View current backups:
pgbackrest info --stanza=example
Restore from backup:
pgbackrest restore --stanza=example --delta
Restore specific backup by timestamp:
pgbackrest restore --stanza=example --set=20210315-145357F_20210315-145459I --delta
The --delta
flag saves time when restoring by checking file hashes and only restoring the files it needs to.
If you want to restore every file from the backup, for example if you are restoring to a new server, it may be quicker to not use deltas.
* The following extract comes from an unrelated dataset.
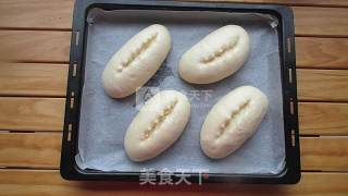 “ 发酵好的面包,中间剪开口,挤入厚厚的软化的黄油,表面刷上蛋液,再筛上厚厚的一层糖粉,开口处经过烘烤不仅又香又软,还很酥脆,非常受喜爱黄油的儿子的青睐。 ”

You can run a full restore following this process:
rm -rf /var/lib/postgresql/11/main
mkdir /var/lib/postgresql/11/main
pgbackrest restore --stanza=example
Recover the replica#
If replication breaks or the replica server goes offline, you must recover the replica, in two stages: mitigate the downtime, and fix the replication.
Mitigate downtime#
Enable public access to the PostgreSQL service on the main server, by modifying its Pillar file:
postgres: public_access: True
For example, for the
kingfisher-main
target, modify thepillar/kingfisher_main.sls
file.Update DNS records:
Login to GoDaddy
If access was delegated, open Delegate Access and click the Access Now button
Open DNS Management for open-contracting.org
Update the replica’s CNAME record to point to the main server’s A record: for example, point
postgres-readonly
toprocess1.kingfisher
Wait for the changes to propagate, which depends on the original TTL value
Fix replication#
SSH into the replica server as the
root
user.Stop PostgreSQL if it is running:
systemctl stop postgres.service
Download the latest database or a backup from a specific point in time
In this example I’m restoring
kingfisher
, to restore a different instance, replacekingfisher
with the value set in pillarpostgres:backup:stanza
. pgbackrest is pre-configured to restore the replication configuration (/var/lib/postgresql/11/main/postgresql.conf
).pgbackrest --stanza=kingfisher --type=standby --delta restore
Note
See Restore from backup for more information on the pgbackrest restore function.
Start PostgreSQL and monitor:
systemctl start postgres.service tail -f /var/log/postgresql/postgresql-11-main.log
You should see messages about recovering from WAL files in the logs.
If all else fails, you can fallback to rebuilding the replica. See Set up replication.